Kabar Baik

Elderly Man

Siapakah Manusia? Apakah Manusia?

Satu kali saya membaca di majalah Time mengenai biksu-biksu yang berada di Tibet. Yang saya dapati dalam artikel singkat tersebut bukanlah kekaguman akan kehidupan spiritual mereka; bukan pula akan budaya yang meliputi pedesaan yang dihuni oleh biksu-biksu tersebut. Sayangnya, artikel yang saya baca adalah mengenai peristiwa pembakaran diri biksu-biksu tersebut.

Sesaat sebelum salah seorang biksu tersebut mati terbakar, ia berseru dengan suara nyaring, “kembalilah Dalai Lama!”

Apakah yang ada di benak anda? Itu bukanlah hal yang asing dijumpai dalam koran dan majalah belakangan ini bukan?

Masih banyak lagi. Ada pula yang memutuskan untuk meledakkan diri mereka sendiri. Sangka mereka, apabila mereka mati dengan cara yang demikian, mereka dapat membuat hidup mereka menjadi lebih bermakna. Mereka mungkin bukan orang jahat. Mereka adalah orang yang benar-benar tulus dan mengira melakukan pekerjaan yang mulia.

Begitu pula dengan biksu tersebut. Mengapa membakar diri? Apakah faedahnya membakar dirinya sendiri? Bagaimana dengan pelaku bom bunuh diri tersebut? Sebenarnya apa yang ada di benak mereka?

Sebenarnya siapakah manusia itu sebenarnya? Mungkin, apakah manusia itu sebenarnya?

Dead Men Wasted

Ketika saya mengarungi jalanan-jalanan kota dan pedesaan, saya sering berpikir akan banyaknya manusia yang ada di dunia ini. Saya menyadari penuh bahwa saya sendiri juga adalah manusia, sama seperti mereka. Tetapi itu membuat segalanya menjadi lebih rumit lagi. Saya terkadang bisa sedih, juga marah, juga gembira, dan berbagai macam emosi lainnya. Saya menikmati membaca buku, menulis, dan melakukan segenap hobi lainnya. Saya senang bercengkrama sambil menikmati teh atau kopi bersama seorang rekan untuk diajak berbicara mengenai segala hal. Saya terkadang merasa kesepian, berada di dalam sebuah ruangan yang kosong, tanpa ada seorang pun yang menemani saya. Masalahnya, semua orang yang saya lihat dan perhatikan tersebut juga adalah manusia—sama seperti saya! Mereka juga memiliki pikiran, emosi, kehendak, hobi, dan kehidupan mereka masing-masing. bagaimana mungkin bisa demikian? Lalu sebenarnya siapakah manusia itu sebenarnya?

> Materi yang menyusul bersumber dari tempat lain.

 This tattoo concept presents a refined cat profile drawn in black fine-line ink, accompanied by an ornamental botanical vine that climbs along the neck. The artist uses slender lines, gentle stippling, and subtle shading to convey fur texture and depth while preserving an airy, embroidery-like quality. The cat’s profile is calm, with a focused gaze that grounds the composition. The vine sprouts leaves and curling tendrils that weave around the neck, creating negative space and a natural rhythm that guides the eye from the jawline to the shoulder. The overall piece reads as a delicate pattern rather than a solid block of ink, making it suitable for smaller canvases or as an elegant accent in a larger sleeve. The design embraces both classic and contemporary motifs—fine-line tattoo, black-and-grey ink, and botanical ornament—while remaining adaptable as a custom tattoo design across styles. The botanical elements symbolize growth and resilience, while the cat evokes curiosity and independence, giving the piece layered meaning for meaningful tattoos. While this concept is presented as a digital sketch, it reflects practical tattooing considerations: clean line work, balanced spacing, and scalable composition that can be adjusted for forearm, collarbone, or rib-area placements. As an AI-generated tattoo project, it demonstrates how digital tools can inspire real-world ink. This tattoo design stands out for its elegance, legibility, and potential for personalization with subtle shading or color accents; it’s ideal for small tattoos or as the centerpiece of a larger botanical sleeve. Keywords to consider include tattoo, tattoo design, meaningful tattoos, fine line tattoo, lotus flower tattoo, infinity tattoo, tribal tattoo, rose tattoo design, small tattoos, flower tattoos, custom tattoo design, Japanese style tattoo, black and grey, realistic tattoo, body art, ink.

Satu lagi, mengapa manusia bisa mempertanyakan keberadaannya sendiri? Mengapa binatang tidak? Mengapa ada konferensi, bahkan ujaran filosofis mengenai keberadaan manusia yang dikarang oleh manusia sendiri, tetapi di lain pihak, anjing, atau monyet tidak pernah mempertanyakan keberadaan dirinya sendiri?

Siapakah manusia itu? Apakah manusia itu?

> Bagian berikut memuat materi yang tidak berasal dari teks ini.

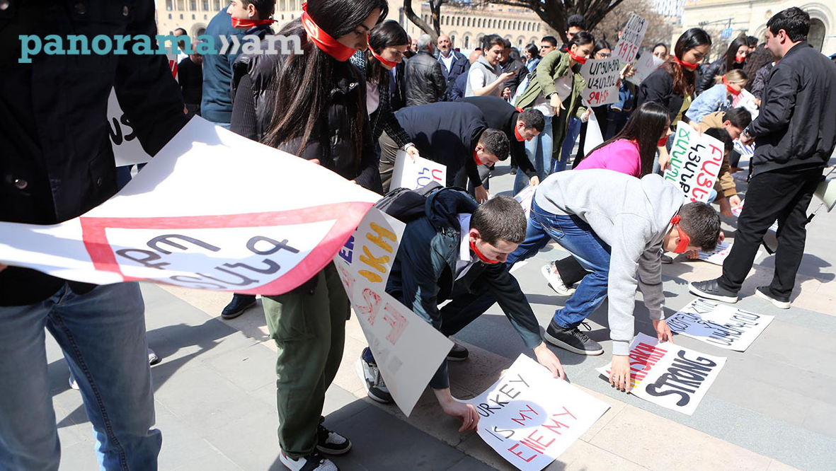 Para peserta datang ke sini dengan membawa spanduk bertuliskan “Buka jalan hidup, “Artsakh itu kuat”, “Artsakh yang bebas dan kuat”, “Berhenti, Nikol” dan lainnya. Mereka mengikat mulut dengan pita merah sebagai tanda diamnya pemerintah terkait situasi di Artsakh.

Ia nampak begitu mulia dengan segala kekhidmatan, moralitas, dan religiositasnya. Hidupnya saleh, mengundang decak kagum. Bapak-bapak dan ibu-ibu menasihati anak-anak mereka, “kalau sudah besar jadilah seperti orang tersebut.”

Ia nampak begitu kotor dan hina pula. Ia membunuh sesamanya sendiri dengan cara-cara yang mengejutkan kejinya. Ia merampok, mencuri, membunuh milik sesamanya sendiri. Ia sanggup untuk menipu! Dengan segala tipu muslihatnya, manusia secara ironis juga menghindari dirinya dianggap sebagai orang jahat. Tetapi sesama mereka manusia memiliki kata-kata yang tepat untuk orang yang demikian, “munafik,” “penipu,” “penjilat,” dan banyak istilah tidak mengenakkan lainnya.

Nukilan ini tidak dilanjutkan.